[INPUT DATA Boundary: Start]

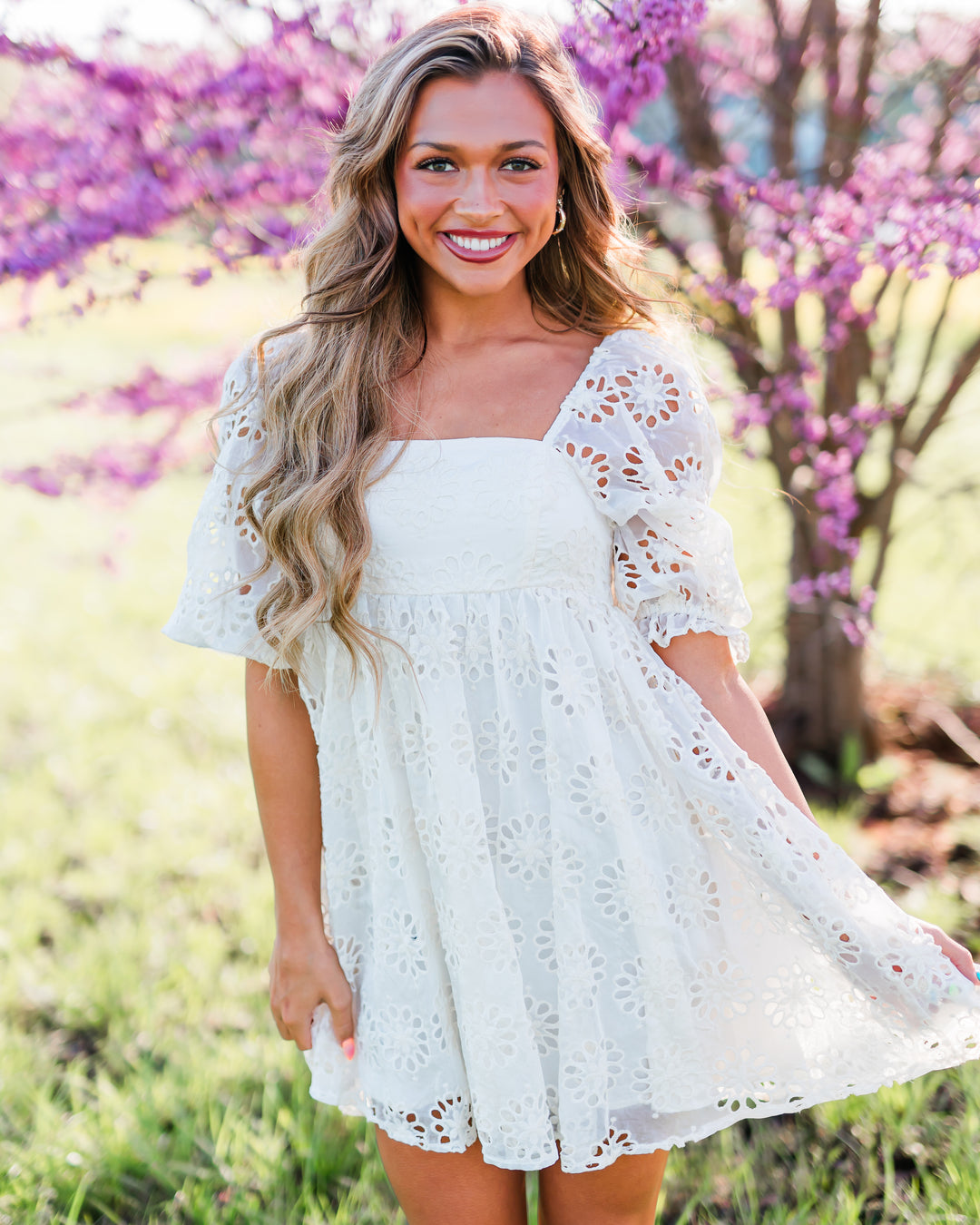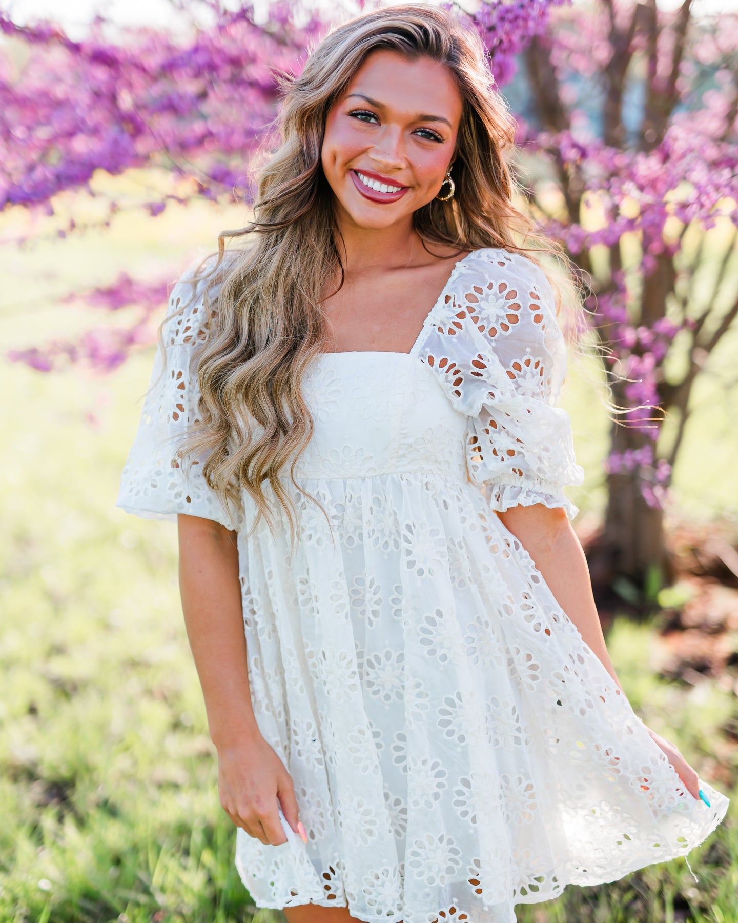 Experience the beauty of nature with our Through the Seasons Floral Babydoll Dress. Featuring a charming square neckline and puffy sleeves, this dress flatters your figure with an empire gathered waist. Perfect for any occasion, the back zipper allows for easy wear. Embrace the joy of daisies with this eyelet mini dress!
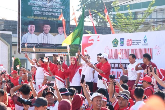 Turut hadir membuka kegiatan jalan santai ini Wakil Gubernur NTB, Indah Dhamayanti Putri dan Kapolda NTB, Hadi Gunawan, Kakanwil Kemenag Agama NTB, Zamroni Aziz beserta seluruh jajaran.
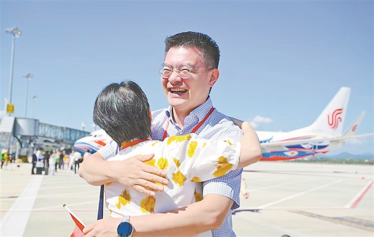 | 2025年9月28日,赣州瑞金机场正式通航,乘客下飞机后和朋友激动拥抱。该机场为方便赣南、闽西群众出行插上了“翅膀”,为区域红色旅游文化产业发展注入了新动能。本报全媒体记者 张翰林摄 |
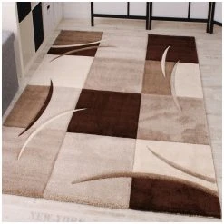 Points forts Paco-Home Tapis De Créateur Aux Contours Découpés à Carreaux En Marron Beige
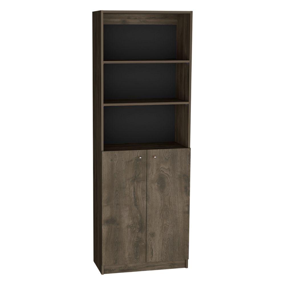 Biblioteca Home, Nogal y Wengue, con Cinco Entrepaños y Dos Puertas Abatibles ZF
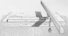 Dans ces premières horloges, ce mécanisme est un foliot, simple tige aux extrémités de laquelle sont accrochées deux masses, qui peut osciller horizontalement autour d'un axe vertical la supportant en son milieu. Les masses lui confèrent l'inertie nécessaire pour stopper la chute du poids. Solidaires de l'axe d'oscillation, deux palettes viennent alternativement bloquer la roue de rencontre (qui donne son nom à ce premier type d'échappement) qu'entraîne le poids moteur[3].
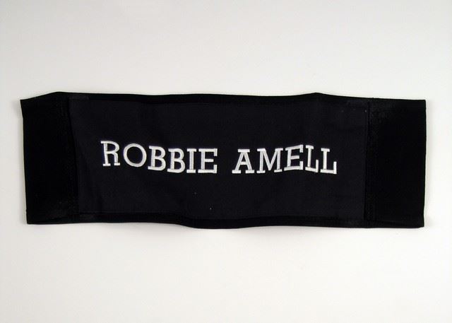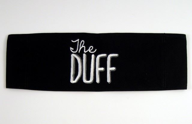 Robbie Amell's black and white with The Duff on the front chairback. (approx. 21" x 7")

[INPUT DATA Boundary: End]

▶ [WORK REQUEST]:
Repeat the records above exactly, without any pictures.

▶ [EXPECTED ANSWER]:
 Experience the beauty of nature with our Through the Seasons Floral Babydoll Dress. Featuring a charming square neckline and puffy sleeves, this dress flatters your figure with an empire gathered waist. Perfect for any occasion, the back zipper allows for easy wear. Embrace the joy of daisies with this eyelet mini dress!
 Turut hadir membuka kegiatan jalan santai ini Wakil Gubernur NTB, Indah Dhamayanti Putri dan Kapolda NTB, Hadi Gunawan, Kakanwil Kemenag Agama NTB, Zamroni Aziz beserta seluruh jajaran.
 | 2025年9月28日,赣州瑞金机场正式通航,乘客下飞机后和朋友激动拥抱。该机场为方便赣南、闽西群众出行插上了“翅膀”,为区域红色旅游文化产业发展注入了新动能。本报全媒体记者 张翰林摄 |
 Points forts Paco-Home Tapis De Créateur Aux Contours Découpés à Carreaux En Marron Beige
 Biblioteca Home, Nogal y Wengue, con Cinco Entrepaños y Dos Puertas Abatibles ZF
 Dans ces premières horloges, ce mécanisme est un foliot, simple tige aux extrémités de laquelle sont accrochées deux masses, qui peut osciller horizontalement autour d'un axe vertical la supportant en son milieu. Les masses lui confèrent l'inertie nécessaire pour stopper la chute du poids. Solidaires de l'axe d'oscillation, deux palettes viennent alternativement bloquer la roue de rencontre (qui donne son nom à ce premier type d'échappement) qu'entraîne le poids moteur[3].
 Robbie Amell's black and white with The Duff on the front chairback. (approx. 21" x 7")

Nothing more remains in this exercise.